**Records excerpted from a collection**
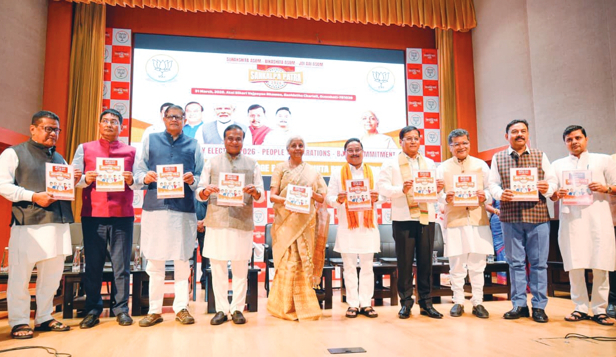 Union Finance Minister Nirmala Sitharaman on Tuesday released the BJP’s manifesto for Assam Assembly polls, promising protection of land, heritage and dignity of indigenous people and `5 lakh crore infrastructure investment.
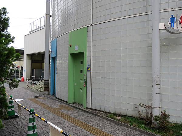 對面的LUMINE百貨旁邊有一個綠色的廁所門,
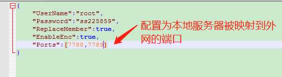 2. 打开配置文件,修改监听端口,Ports需要配置为可以被外网访问的端口,如果仅需要监听一个端口时,把Port2配置为0,在这里我们配置为7788。
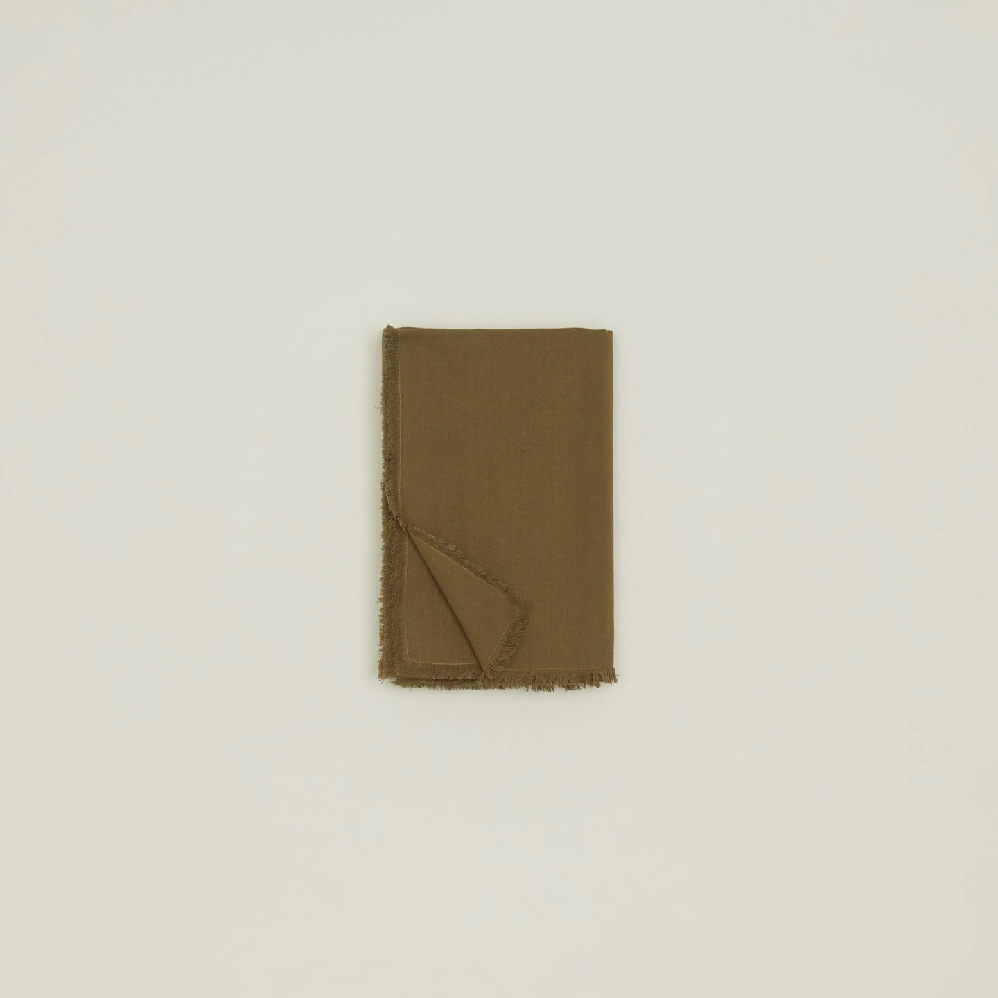 - Hand-dyed cotton tablecloth, with a soft fringed edge
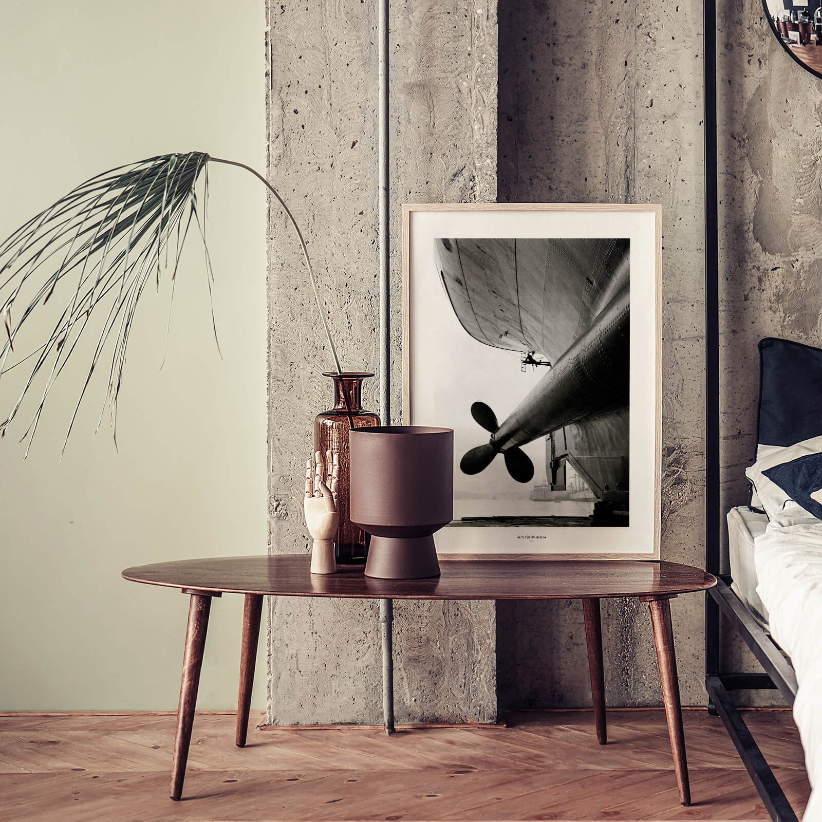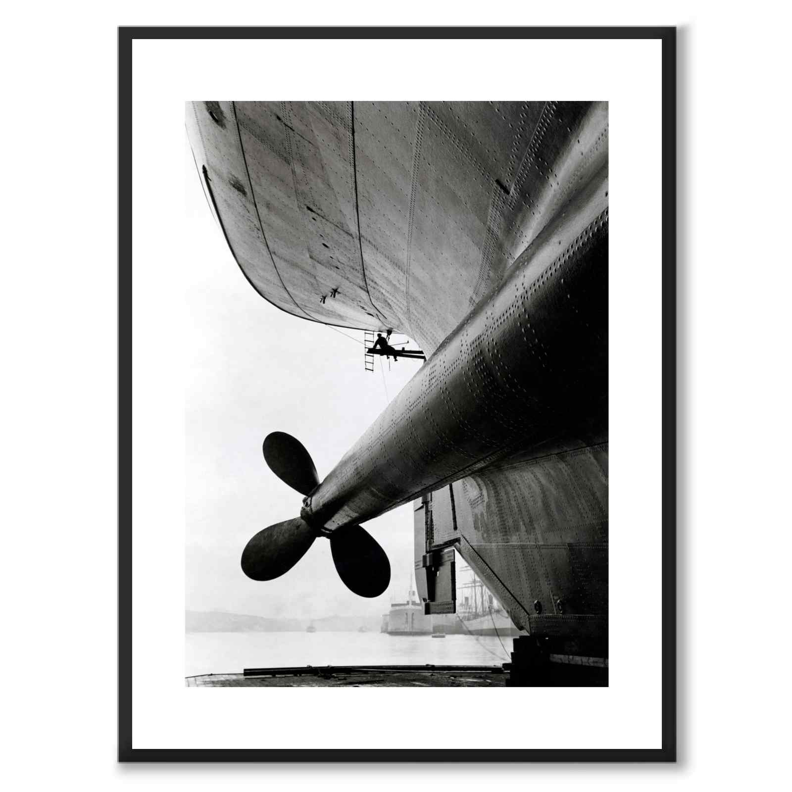 Poster med en bild av höger propeller samt roder på det kända fartyget M/S Gripsholm. Bilden är troligen från 1925 och tagen på varvet Armstrong, Whitworth & Co, Ltd i Newcastle i England där fartyget byggdes.
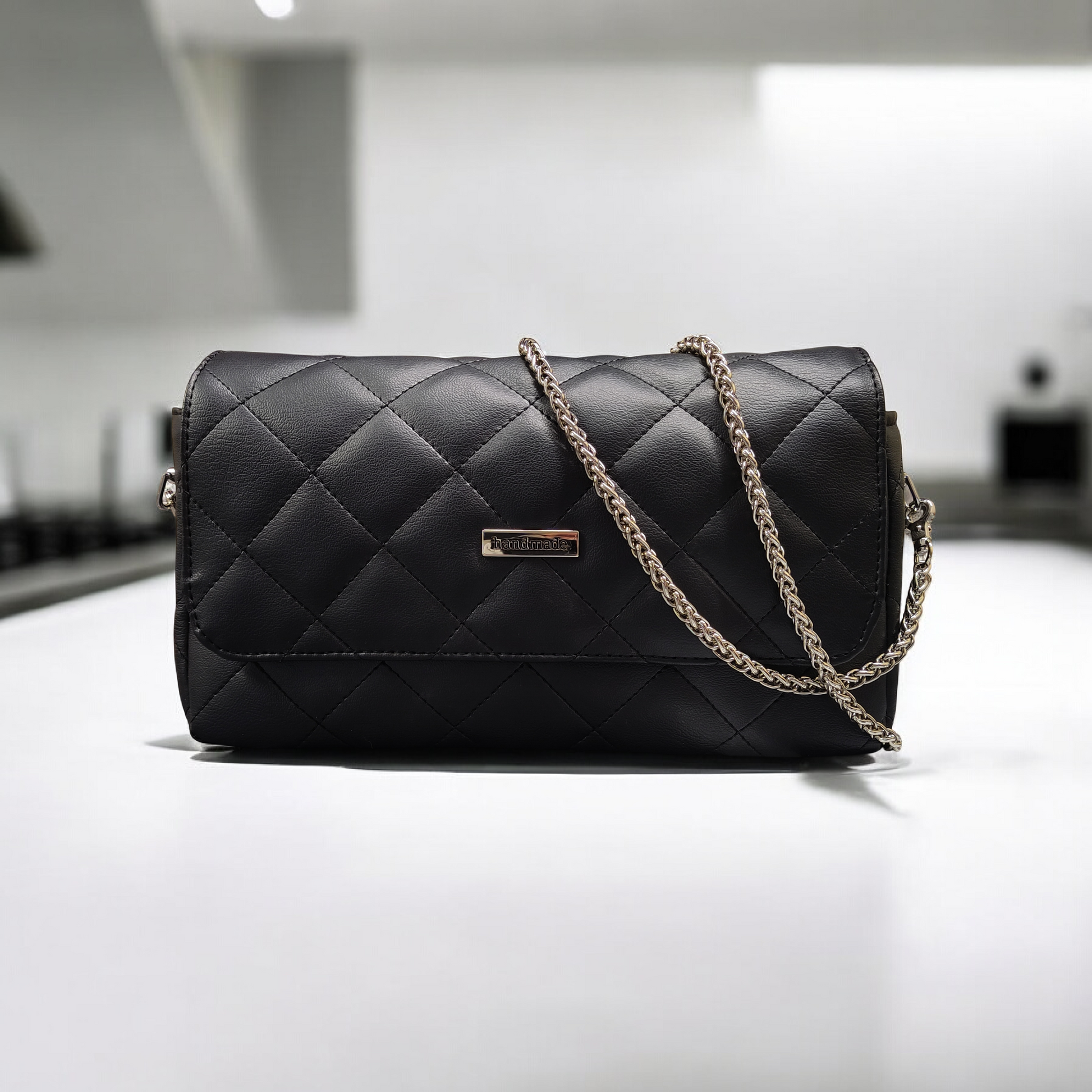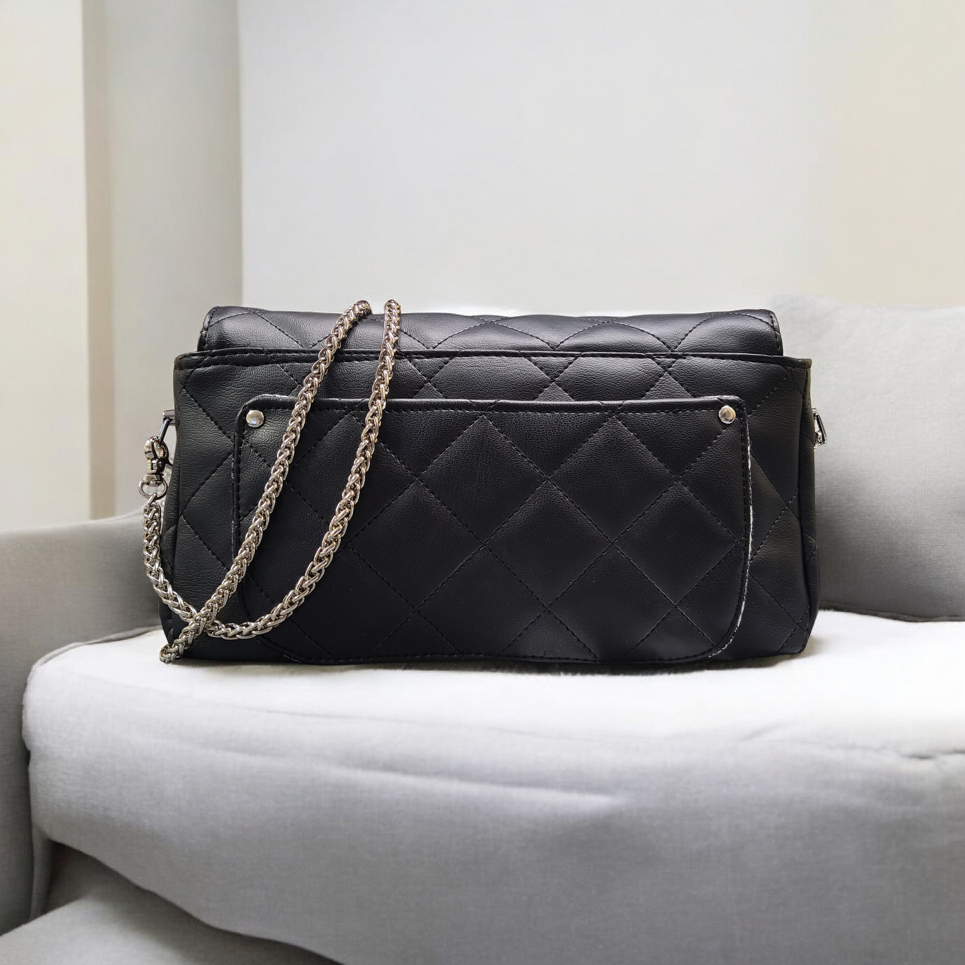 Introducing the Cha Cha! The custom quilted handbag is a must-have for any elegant and classy look. Its black & silver design adds a touch of sophistication to any outfit, while the quilted material offers a stylish texture. Elevate your style game with this versatile and timeless accessory.

**Brief**
Output a verbatim copy of the entries and skip the pictures.

**Output for this exercise**
 Union Finance Minister Nirmala Sitharaman on Tuesday released the BJP’s manifesto for Assam Assembly polls, promising protection of land, heritage and dignity of indigenous people and `5 lakh crore infrastructure investment.
 對面的LUMINE百貨旁邊有一個綠色的廁所門,
 2. 打开配置文件,修改监听端口,Ports需要配置为可以被外网访问的端口,如果仅需要监听一个端口时,把Port2配置为0,在这里我们配置为7788。
 - Hand-dyed cotton tablecloth, with a soft fringed edge
 Poster med en bild av höger propeller samt roder på det kända fartyget M/S Gripsholm. Bilden är troligen från 1925 och tagen på varvet Armstrong, Whitworth & Co, Ltd i Newcastle i England där fartyget byggdes.
 Introducing the Cha Cha! The custom quilted handbag is a must-have for any elegant and classy look. Its black & silver design adds a touch of sophistication to any outfit, while the quilted material offers a stylish texture. Elevate your style game with this versatile and timeless accessory.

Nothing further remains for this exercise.